Liebich wehrt sich gegenüber "Buzzfeed" gegen die Vorwürfe. Das seien ja gar keine Zitate, weil sie kein An- und Abführungszeichen hätten. Vielmehr seien es "meine Gedanken zu Thema". Nur mit "Einfältigkeit" oder "böswilliger Absicht" könne man diese als Zitate missverstehen. Es sei halt seine "komprimierte Interpretation von einer Äußerung, welche ein - manchmal der - abgebildete Politiker getätigt hat". Er verbreite "keine Fake News" und "verfälsche keine Zitate".

Das Bild eines Politikers nebst einem Zitat, teilweise aus der Ich-Perspektive formuliert, suggeriert jedoch ganz klar, dass der Mensch dies genauso gesagt hat. Liebich schnappt sich mitunter auch ein echtes Zitat und verfälscht es so, dass es ihm in den Kram passt, wie im folgenden Beispiel:

Ein verfälschtes Zitat eines Grünen-Politikers


Tatsächlich hat der Düsseldorfer Grüne Norbert Czerwinski gegenüber der "Bild" die Aufstellung eines Christbaumes als "unzeitgemäßes Ritual" bezeichnet. Die Verbindung zu "andersgläubigen Flüchtlingen" hat er jedoch nie gezogen. In dem "Bild"-Text werden Umweltaspekte als Gründe genannt. Dem Politiker ging es darum, dass jahrelang gewachsene Tannen gefällt werden, nur um sie vier Wochen aufzustellen und dann zu entsorgen. Von Flüchtlingen war keine Rede. Gleiches Muster wurde für folgende Meldung verwendet:

Ein verfälschtes Zitat von SPD-Kanzlerkandidat Martin Schulz


Im "Spiegel"-Interview sagte Kanzlerkandidat Martin Schulz auf die AfD angesprochen: "Diese Typen muss man bekämpfen". Von "allen Mitteln" und "Umerziehungslagern nach DDR-Vorbild" spricht er jedoch nicht.

Nach "Buzzfeed"-Recherchen erreicht Liebich via "Halle Leaks" regelmäßig viele Menschen mit seinen verfälschten Zitaten. Das vermeintliche Maas-Zitat kam demnach auf rund 110.000 Facebook-Interaktionen - und damit doppelt so viele, wie die zweitplatzierte "Bild" bei diesem Thema. In der Top-Ten-Liste dazu kommen die anderen neun Posts zusammen gerade einmal auf 130.000. Das verfälschte Christbaum-Zitat erreichte mit rund 63.000 Interaktionen sogar mehr als die neun nächsten Posts zum Thema im Ranking zusammen. Die fünf Texte in den sozialen Medien, mit denen "Halle Leaks" im vergangenen Jahr am meisten Reichweite machte, kamen laut "Buzzfeed" auf 50 bis 110.000 Interaktionen - bei 3000 Facebook-Followern wohlgemerkt.
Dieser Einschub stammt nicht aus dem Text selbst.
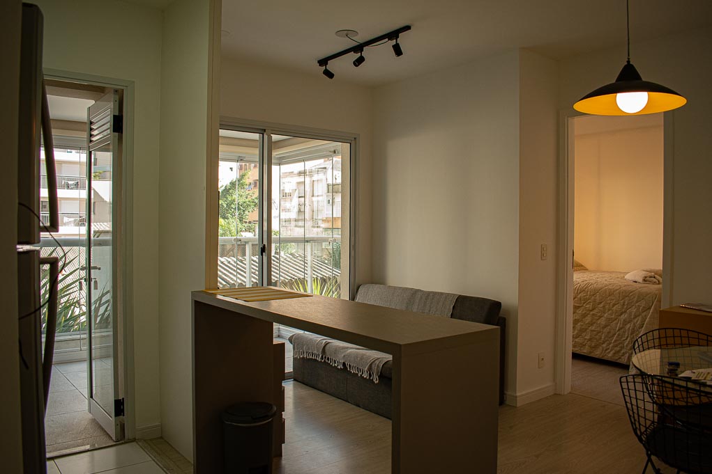 Departamento amoblado de 1 habitación ubicado a 3 minutos caminando de la parada de autobús y a 5 minutos caminando de la Estación de Metro Higienópolis-Mackenzie.El departamento tiene living, cocina (abierta), 1 baño, terraza, sala de estar y 1 estacionamiento. La habitación 1 tiene cama matrimonial, armario y mesa de noche; El lugar mide 36m² + 9m² de terraza aproximadamente. Los gastos de servicios de gastos comunes, agua caliente, agua fría, electricidad, gas e impuesto (IPTU) se pagan por adelantado junto a la renta mensual, con un límite de consumo de $ 214USD. Además, se debe considerar el pago de gastos de servicios de internet y TV cable que suman $ 49USD aproximadamente. El alojamiento tiene lavandería compartida cuyo valor es $ 1USD aproximadamente por carga de ropa (lavado o secado). Se debe pagar garantía (depósito) la que será devuelta al finalizar el período de arriendo. Cerca del alojamiento se encuentra una de las regiones más entretenidas de la ciudad, conocida como Baixo Augusta, con diversos restaurantes, bares y espacios culturales. A pocos minutos caminando, llegarás al Parque Augusta que es un lugar ideal para relajarse o practicar ejercicios al aire libre y también, a la Avenida Paulista que es una de las avenidas más importantes de la ciudad; el sector es considerada uno de los principales centros financieros de Brasil, además de poseer diversos puntos de interés turístico y cultural. Tiene fácil acceso al transporte público, con conexión rápida a otras partes de la ciudad.

Überall geht´s zum T-Shirt-Shop

Und wie Liebich diese Reichweite zu Geld machen will, wird auf seiner Startseite bereits ersichtlich. An mehreren Stellen wird man auf seinen Online-Kleidungsladen "my.shirtzshop" verwiesen. Dort kann man T-Shirts mit so gehaltvollen Aussagen wie "Bei uns im Osten heißt das Negerkuss" kaufen - wahlweise auch ersetzbar durch das "Zigeunerschnitzel". Oder auch "Islamophobie ist Notwehr" und "Abschiebehelfer" kann man sich aufs Shirt drucken. "Political Incorrect" heißt die Rubrik dazu.

Von "Buzzfeed" darauf angesprochen, bestreitet Liebich, dass ihm dieser Shop gehöre. Er sei dort lediglich Angestellter und verweise auf seinem Blog zur "Arbeitsplatzsicherung" auf den Shop seines Arbeitgebers. Laut Impressum des Onlineshops ist Liebich Geschäftsführer der dazugehörigen GmbH und verantwortlich für den Inhalt. Die Adresse des Shops ist dieselbe Adresse, die Liebich für sich selbst im Impressum seines Blogs angegeben hat. Nach Angaben von "Buzzfeed" wird Liebich auch beim Bundesanzeiger als Geschäftsführer des Shops geführt.